The right management skills
Serving as GRAND’s Scientific Director is in some ways the capstone to Dr. Booth’s accomplished career. “It just seemed to me that I had a lot of skills that had been developed over my career that could be applied to this. It’s also the satisfaction of seeing that the digital media research community is coming together across Canada in a way that it hadn’t before.”
He notes that the needs of a network go far beyond those of a large research project, and managing the interactions between dozens of universities and researchers is qualitatively different from running a smaller project. GRAND, for example, works with researchers at 25 universities, more than most NCEs.
“If you haven’t done anything on a national scale already, you’re in for some surprises. Some of your experience isn’t going to carry over very well.”
Building on GRAND’s momentum
Just three years into the network’s term, Dr. Booth maintains high expectations for GRAND’s future. For example, he would like to further strengthen ties with art and design schools to better parallel the connections he has helped forge between the social sciences and the natural sciences and engineering.
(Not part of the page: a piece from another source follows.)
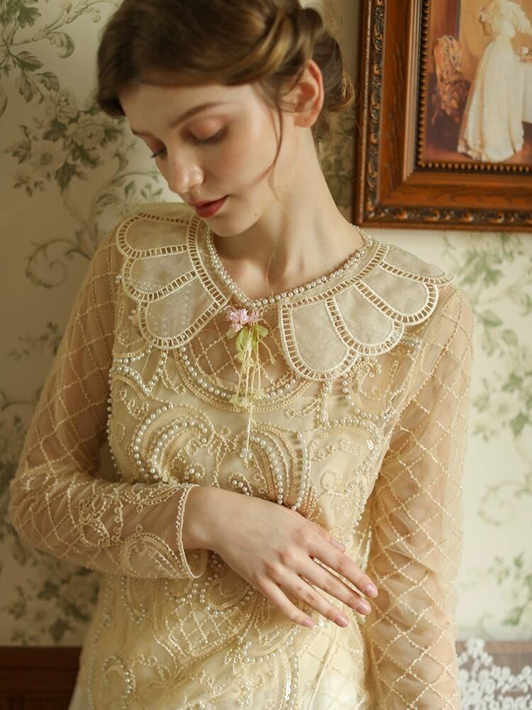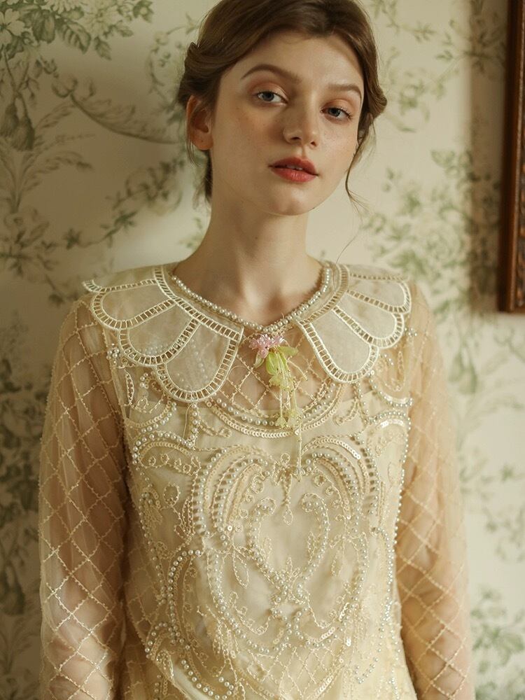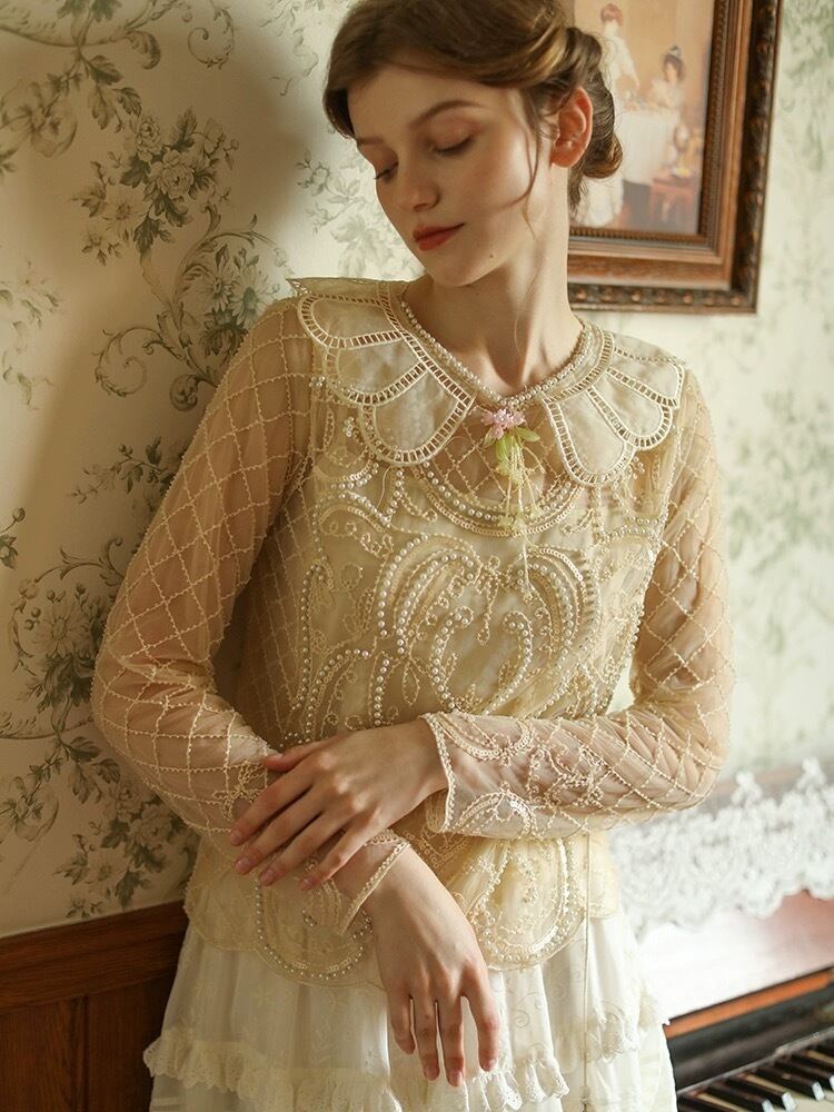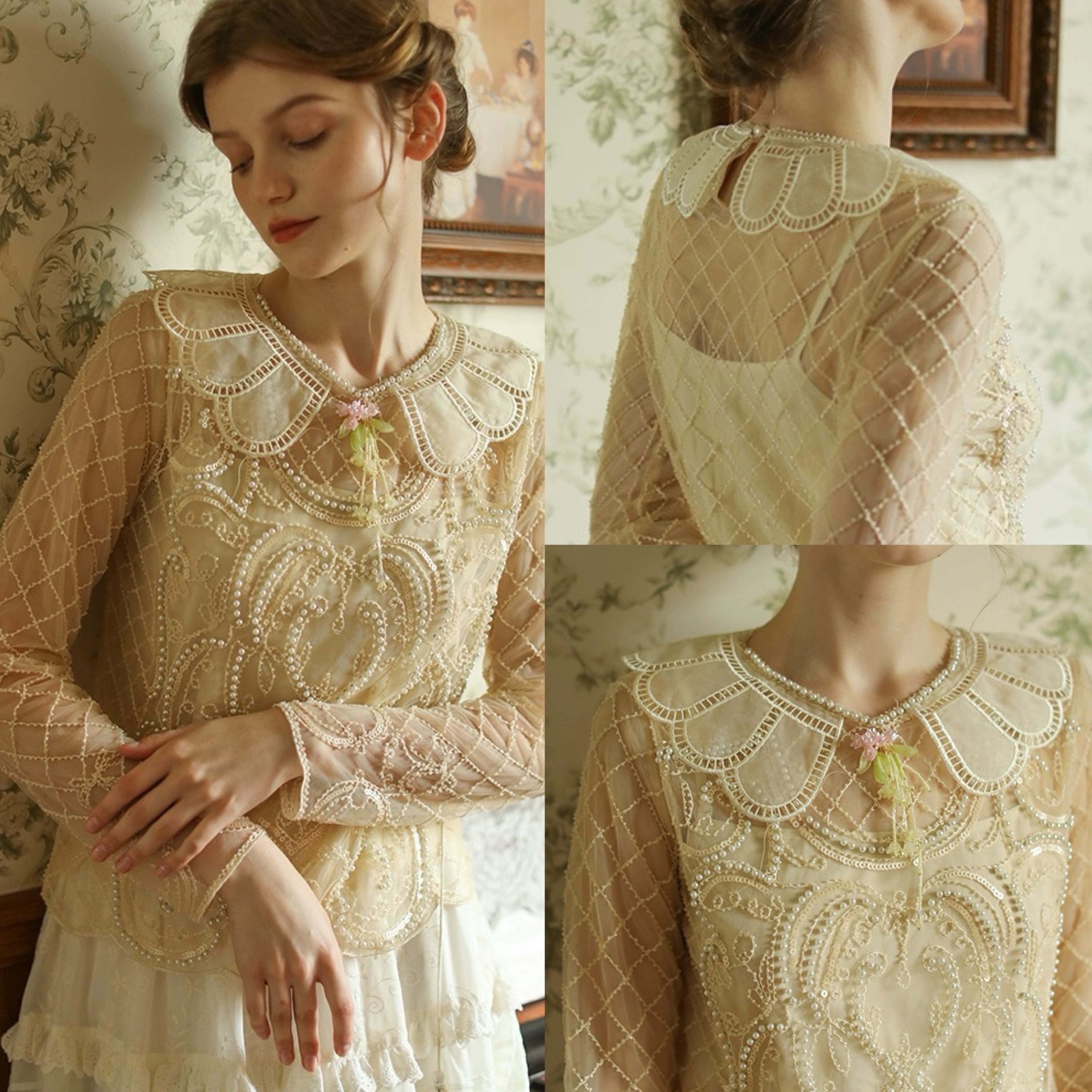ベージュ トップス パール ビジュー デコレーション ブラウス 花柄

Health has also emerged as a growing component of GRAND’s work, a trend he expects to continue. He cites public education about health issues as an area where digital media can play a strong role. Computer gaming is also increasingly used as a treatment tool, with successes that include motivating patients with cerebral palsy to exercise, or an innovative video gaming experience that teaches children with fetal alcohol spectrum disorders to maintain calm, focussed attention.
GRAND has partnered with the NeuroDevNet NCE for these two health initiatives, a collaboration that realizes the potential for synergy between the two NCEs. Dr. Booth cites this a great example of how the NCE program promotes collaboration not just within networks, but across networks.
Canada has pioneered the network model as an effective way to address important research issues, breaking down disciplinary boundaries and overcoming geographical challenges. “Canada is a very large country,” says Dr. Booth. “Most research is incremental, and there’s a tighter and tighter time loop on that. What the networks provide is a way to get better and faster connections between researchers in Canada.”
His advice to anyone considering a leadership role in a network includes encouraging them to take advantage of any “starter” programs offered by granting agencies that fund large collaborative projects or small-scale networks. If they then choose to try to make the jump to a national network, they will have already laid the groundwork. “There’s no possible way you can start putting an NCE together when the competition announcement comes out.”
And once those elements are in place? “Expect to put in more work than you ever thought you could,” he concludes with a smile.